We have previously reported higher bipolar disorder PRS in patients with a severe major depressive episode treated with ECT than in patients with more moderate depression treated with Internet-based cognitive-behavioral therapy (
12). Higher bipolar disorder PRS might thus reflect a genetic liability to develop not only bipolar disorder but also more severe depression. Our findings indicate that high polygenic liability for bipolar disorder may also be associated with response to biological treatments, including ECT. Further research is needed to confirm this.

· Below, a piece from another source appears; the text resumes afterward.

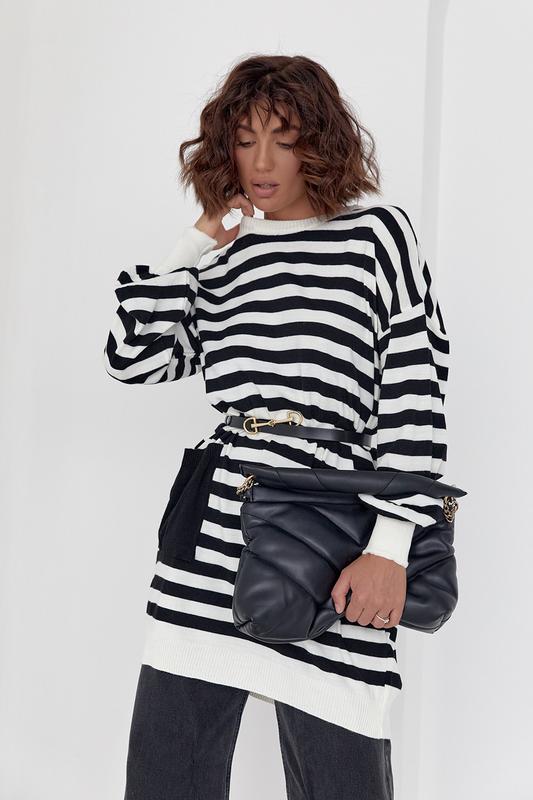 Эта модель в стиле оверсайз полностью украшена полоской, а внизу дополнена однотонным карманом. Длинные рукава заканчиваются тугом манжетом. Проймы опущены. По низу изделия также присутствует манжет с тонкой резинкой по краю. Короткий однотонный воротник-стойка на круглой горловине. Страна Турция Материал Вязка Состав ткани 50% акрил, 50% котон Параметры модели 84*60*92 рост 173 Универсальность Замеры одинаковы для всех размеров - особенность фасона модели Размер на фото one siz Длина переда изделия, см 86см Длина рукава от горловины, см 80см Ширина под проймами рукавов (над грудью), см 64см Длина рукава по внутреннему шву, см 50см Ширина по стегнам 64с

The effect sizes of PRSs in this study were small, which echoes other genetic studies of response to psychiatric treatments (
14–
16). Although effect sizes may increase with larger genomic studies (
37), the power of PRS to explain treatment effects may be limited in cohorts with similar phenotypes and relatively small variations in treatment outcome. Also, the genetic correlation between major depression and bipolar disorder seems to be due to pleiotropic genetic variants, meaning that genetic risk for bipolar disorder cannot be used to delineate major depression subgroups (
38). Thus, PRSs of bipolar disorder and major depression may not be suitable for identification of a subgroup of “super responders” to ECT. The genetics of ECT response may also overlap with the genetics of phenotypes associated with poor ECT response, such as personality disorders and substance use (
5). Indeed, the genetic architecture of categorically defined psychiatric disorders may differ from that of treatment response. These possibilities should be addressed by further studies, and ultimately by a GWAS of response to ECT, which is an objective of the International Consortium on the Genetics of ECT and Severe Depressive Disorder (GenECT-IC), aiming to recruit 30,000 participants (
39).
The strengths of this study include the large and well-characterized sample with data on treatment outcomes after ECT. Further, the direction and magnitude of effects were consistent between the primary (CGI-I) and secondary (MADRS-S) outcome measures. Sensitivity analyses provided further convergent evidence. Limitations of the study include, first, that data were collected in routine clinical practice, limiting quality supervision. This probably adds noise compared with controlled studies. Second, the MADRS-S is self-rated while the CGI-I is observer-rated, which may explain why CGI-I and MADRS-S were only moderately correlated. Moreover, MADRS-S ratings were missing for more than half of the participants, primarily prior to ECT. This is likely explained by poor mental states that precluded the completing of a self-rated instrument, and it might bias the results by excluding severely ill patients, who are expected to respond well to treatment. However, this bias should not affect the results regarding the observer-rated CGI-I. Third, we had limited data on factors known to predict the outcome of ECT, such as duration of the current episode and nonresponse to antidepressant medication (
10). It remains to be examined to what extent the association between, for example, PRS for major depression and treatment outcome is independent of these variables. Last, given that our sample size was <4,000, the study was powered neither for a GWAS of ECT outcomes nor for computing heritability estimates for the studied outcomes (
40).
In summary, we found that response to ECT is associated with lower genetic burden for major depressive disorder and higher genetic burden for bipolar disorder. Yet, the predictive power of the studied polygenic risk scores to predict outcome after ECT was small. It remains to be studied whether polygenic risk scores alongside clinical or demographic factors might add predictive value beyond known clinical predictors of response to ECT.